*** PROVIDED RECORDS Section Begins ***

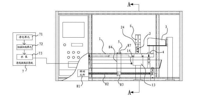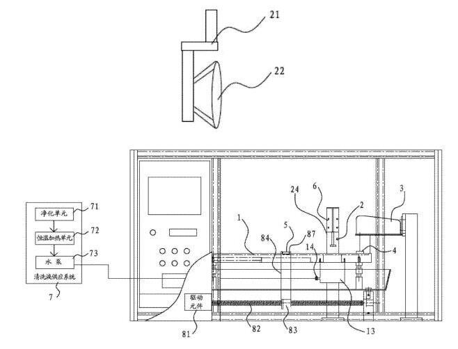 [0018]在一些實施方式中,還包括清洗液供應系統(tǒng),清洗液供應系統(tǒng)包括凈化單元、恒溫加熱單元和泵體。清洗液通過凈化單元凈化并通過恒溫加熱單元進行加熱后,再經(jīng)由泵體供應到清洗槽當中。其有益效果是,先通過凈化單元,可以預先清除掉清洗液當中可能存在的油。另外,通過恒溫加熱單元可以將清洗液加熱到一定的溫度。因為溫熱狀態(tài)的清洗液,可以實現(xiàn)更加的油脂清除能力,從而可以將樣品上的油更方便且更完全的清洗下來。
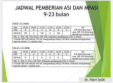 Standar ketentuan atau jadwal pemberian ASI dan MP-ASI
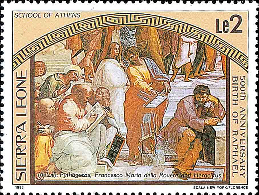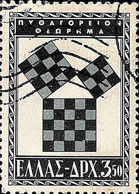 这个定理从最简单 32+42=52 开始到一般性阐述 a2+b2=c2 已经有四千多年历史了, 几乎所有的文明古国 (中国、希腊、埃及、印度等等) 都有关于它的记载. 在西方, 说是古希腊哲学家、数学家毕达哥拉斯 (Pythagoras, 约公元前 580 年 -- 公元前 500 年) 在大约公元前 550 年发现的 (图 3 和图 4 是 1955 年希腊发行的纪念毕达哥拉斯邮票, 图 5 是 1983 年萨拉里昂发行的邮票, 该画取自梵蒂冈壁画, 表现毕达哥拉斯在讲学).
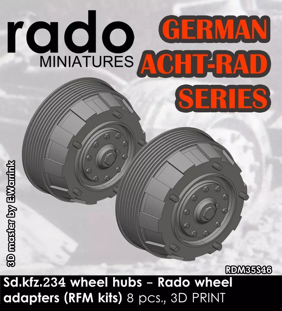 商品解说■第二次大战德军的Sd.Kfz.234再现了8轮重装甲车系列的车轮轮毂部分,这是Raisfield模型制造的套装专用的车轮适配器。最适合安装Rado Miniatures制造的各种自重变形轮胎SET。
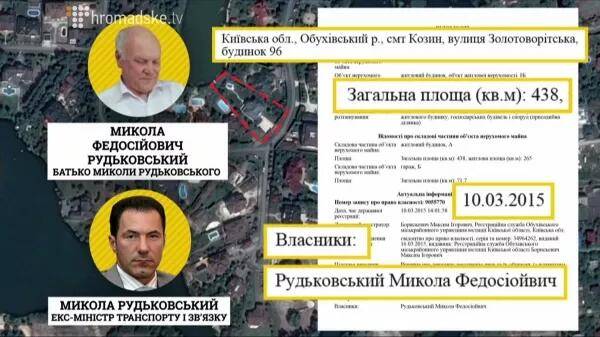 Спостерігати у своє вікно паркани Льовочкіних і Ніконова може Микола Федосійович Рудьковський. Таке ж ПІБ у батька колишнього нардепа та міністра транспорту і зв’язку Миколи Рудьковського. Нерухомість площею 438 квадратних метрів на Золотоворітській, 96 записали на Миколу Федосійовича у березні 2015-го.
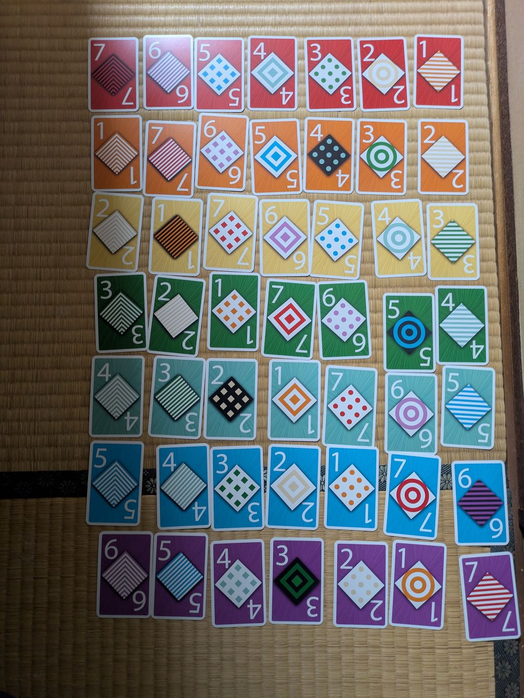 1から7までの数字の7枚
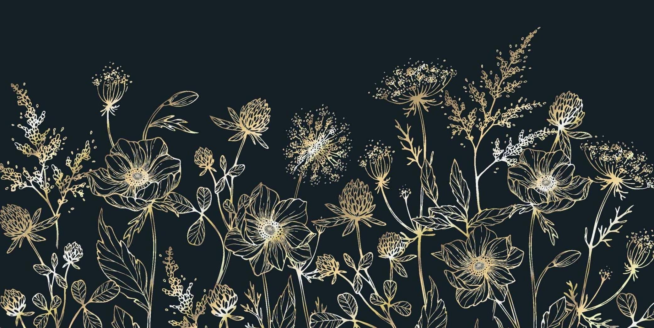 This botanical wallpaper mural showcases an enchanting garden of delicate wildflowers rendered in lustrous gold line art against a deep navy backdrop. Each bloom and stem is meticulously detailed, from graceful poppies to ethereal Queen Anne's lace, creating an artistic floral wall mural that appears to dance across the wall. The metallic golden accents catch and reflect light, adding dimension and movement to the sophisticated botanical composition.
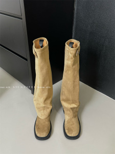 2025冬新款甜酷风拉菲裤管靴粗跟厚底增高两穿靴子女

*** PROVIDED RECORDS Section Ends ***
*** PROVIDED RECORDS Section Begins ***

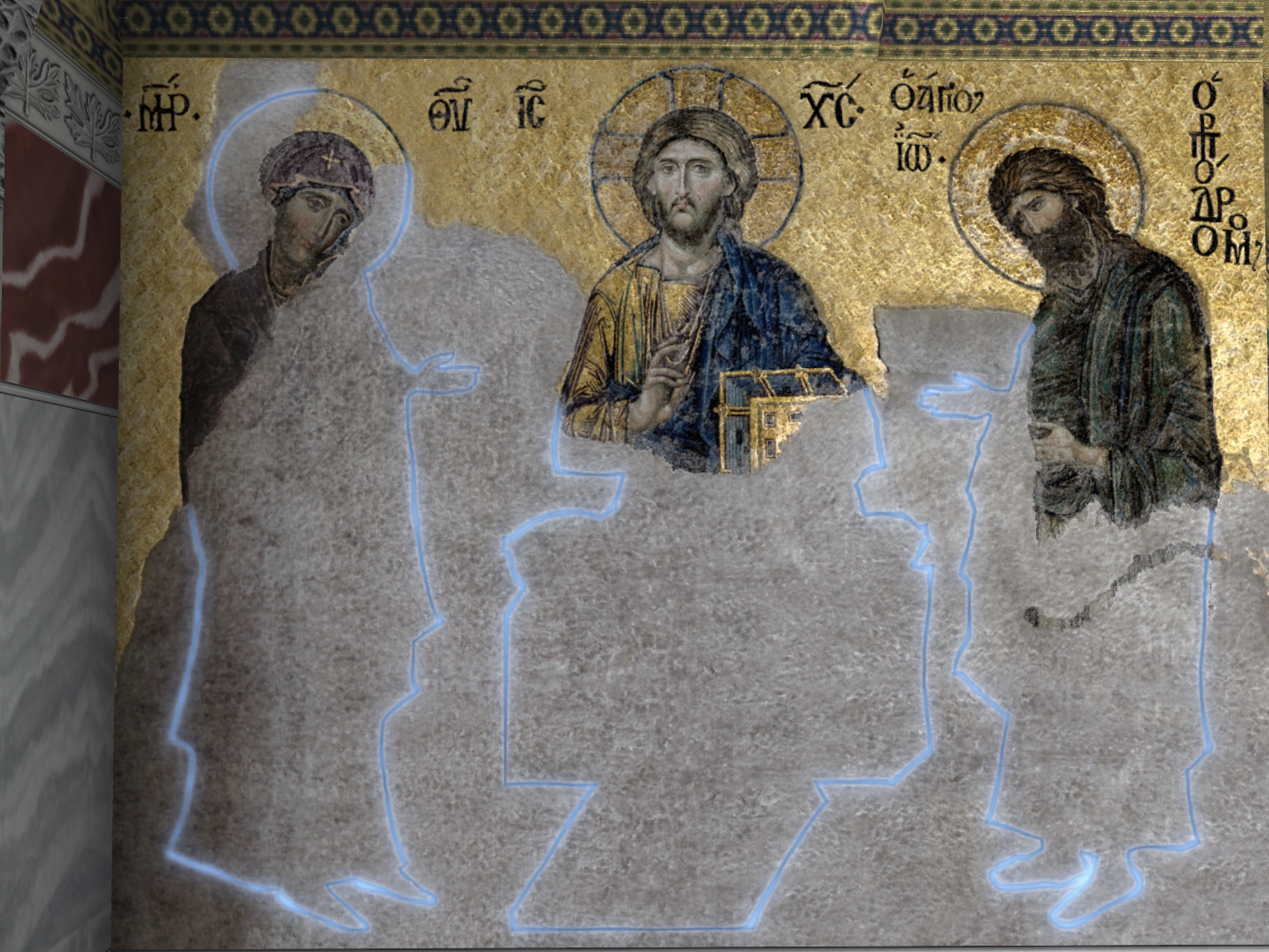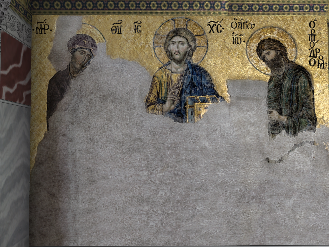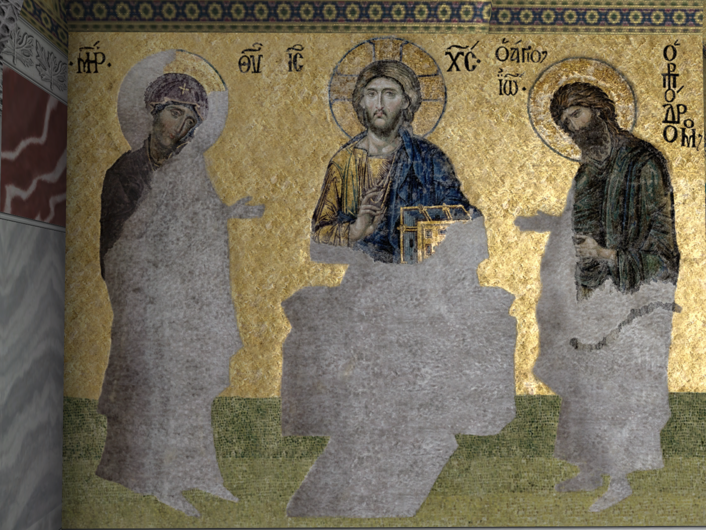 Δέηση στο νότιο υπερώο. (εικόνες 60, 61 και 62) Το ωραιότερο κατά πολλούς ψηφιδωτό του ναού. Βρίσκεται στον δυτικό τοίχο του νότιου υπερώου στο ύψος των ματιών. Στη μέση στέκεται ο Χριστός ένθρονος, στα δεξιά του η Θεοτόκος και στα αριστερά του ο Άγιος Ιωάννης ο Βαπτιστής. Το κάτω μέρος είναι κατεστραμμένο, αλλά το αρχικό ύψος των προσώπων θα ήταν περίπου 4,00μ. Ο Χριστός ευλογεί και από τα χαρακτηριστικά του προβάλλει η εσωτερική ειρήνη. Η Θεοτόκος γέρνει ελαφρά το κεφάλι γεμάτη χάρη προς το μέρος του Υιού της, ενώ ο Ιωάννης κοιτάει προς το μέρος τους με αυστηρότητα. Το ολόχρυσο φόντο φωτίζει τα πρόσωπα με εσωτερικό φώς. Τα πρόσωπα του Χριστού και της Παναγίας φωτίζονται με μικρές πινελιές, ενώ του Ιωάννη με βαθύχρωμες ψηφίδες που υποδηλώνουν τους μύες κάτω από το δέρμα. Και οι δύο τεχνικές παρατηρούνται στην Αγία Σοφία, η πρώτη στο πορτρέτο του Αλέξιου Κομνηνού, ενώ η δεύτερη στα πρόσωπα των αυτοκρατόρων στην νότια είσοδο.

*** PROVIDED RECORDS Section Ends ***
*** PROVIDED RECORDS Section Begins ***

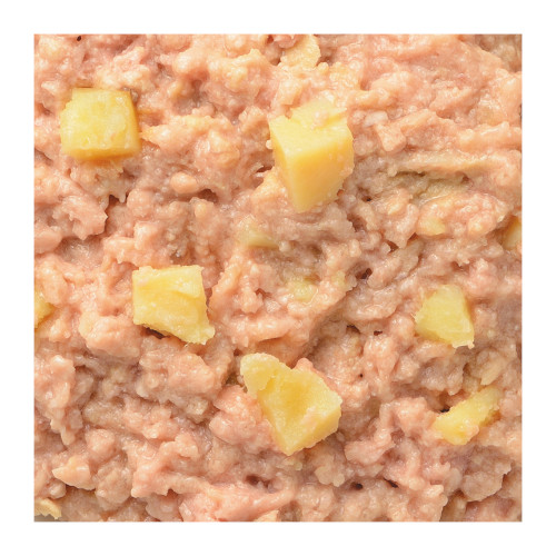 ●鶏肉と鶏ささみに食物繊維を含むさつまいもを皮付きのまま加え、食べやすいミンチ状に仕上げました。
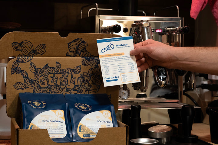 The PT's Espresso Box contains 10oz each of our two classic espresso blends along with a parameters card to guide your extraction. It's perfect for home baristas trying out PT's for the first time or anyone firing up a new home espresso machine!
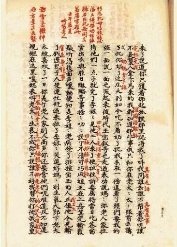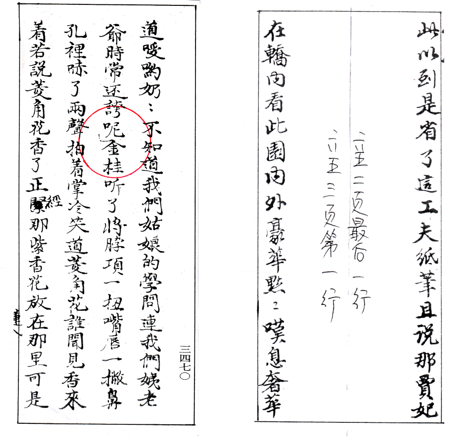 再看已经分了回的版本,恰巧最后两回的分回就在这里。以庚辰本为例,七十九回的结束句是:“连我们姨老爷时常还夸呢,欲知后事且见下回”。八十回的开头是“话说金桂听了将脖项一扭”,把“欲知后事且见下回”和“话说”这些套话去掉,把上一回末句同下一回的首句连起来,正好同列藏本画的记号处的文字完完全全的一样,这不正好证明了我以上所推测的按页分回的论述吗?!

*** PROVIDED RECORDS Section Ends ***

EXERCISE REQUIREMENTS ▸ Look above for the line holding "Standar ketentuan atau" and output everything from it down to the line holding "2025冬新款甜酷风拉菲裤管靴粗跟厚底增高两穿靴子女", both ends included, exactly and without images.

ANSWER TO THIS TASK ▸
 Standar ketentuan atau jadwal pemberian ASI dan MP-ASI
 这个定理从最简单 32+42=52 开始到一般性阐述 a2+b2=c2 已经有四千多年历史了, 几乎所有的文明古国 (中国、希腊、埃及、印度等等) 都有关于它的记载. 在西方, 说是古希腊哲学家、数学家毕达哥拉斯 (Pythagoras, 约公元前 580 年 -- 公元前 500 年) 在大约公元前 550 年发现的 (图 3 和图 4 是 1955 年希腊发行的纪念毕达哥拉斯邮票, 图 5 是 1983 年萨拉里昂发行的邮票, 该画取自梵蒂冈壁画, 表现毕达哥拉斯在讲学).
 商品解说■第二次大战德军的Sd.Kfz.234再现了8轮重装甲车系列的车轮轮毂部分,这是Raisfield模型制造的套装专用的车轮适配器。最适合安装Rado Miniatures制造的各种自重变形轮胎SET。
 Спостерігати у своє вікно паркани Льовочкіних і Ніконова може Микола Федосійович Рудьковський. Таке ж ПІБ у батька колишнього нардепа та міністра транспорту і зв’язку Миколи Рудьковського. Нерухомість площею 438 квадратних метрів на Золотоворітській, 96 записали на Миколу Федосійовича у березні 2015-го.
 1から7までの数字の7枚
 This botanical wallpaper mural showcases an enchanting garden of delicate wildflowers rendered in lustrous gold line art against a deep navy backdrop. Each bloom and stem is meticulously detailed, from graceful poppies to ethereal Queen Anne's lace, creating an artistic floral wall mural that appears to dance across the wall. The metallic golden accents catch and reflect light, adding dimension and movement to the sophisticated botanical composition.
 2025冬新款甜酷风拉菲裤管靴粗跟厚底增高两穿靴子女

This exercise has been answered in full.